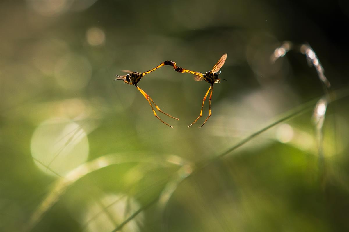 绿意朦胧的自然背景中,两只姬蜂肢体交错完成交配,将昆虫世界的浪漫爱恋,定格成“绿动自然”的温情画面。
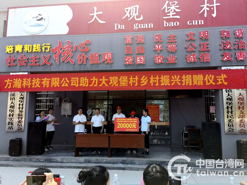 中國臺灣網9月29日訊 近日,湖南省寧遠縣大觀堡村村委會鄉民聚集、掌聲雷動。這個遠離縣城近40公里的邊遠鄉村,正在舉行一場簡樸而隆重的捐贈儀式——臺資企業方翰科技公司為當地鄉村建設及產業振興捐款2萬元。這是該縣“鄉村振興 兩岸同行”續寫新篇的一個縮影。
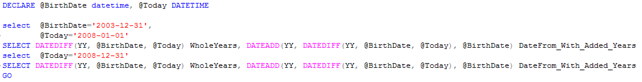 Years Months EndOfLastWholeYear DateTo -------------------- -------------------- -------------------------- ----------------------- 4 11 2008-06-30 00:00:00.000 2008-07-30 00:00:00.000

********

# [Problem to work on]
Skipping all images, print the data above a second time exactly.

# [Answer to this problem]
 绿意朦胧的自然背景中,两只姬蜂肢体交错完成交配,将昆虫世界的浪漫爱恋,定格成“绿动自然”的温情画面。
 中國臺灣網9月29日訊 近日,湖南省寧遠縣大觀堡村村委會鄉民聚集、掌聲雷動。這個遠離縣城近40公里的邊遠鄉村,正在舉行一場簡樸而隆重的捐贈儀式——臺資企業方翰科技公司為當地鄉村建設及產業振興捐款2萬元。這是該縣“鄉村振興 兩岸同行”續寫新篇的一個縮影。
 Years Months EndOfLastWholeYear DateTo -------------------- -------------------- -------------------------- ----------------------- 4 11 2008-06-30 00:00:00.000 2008-07-30 00:00:00.000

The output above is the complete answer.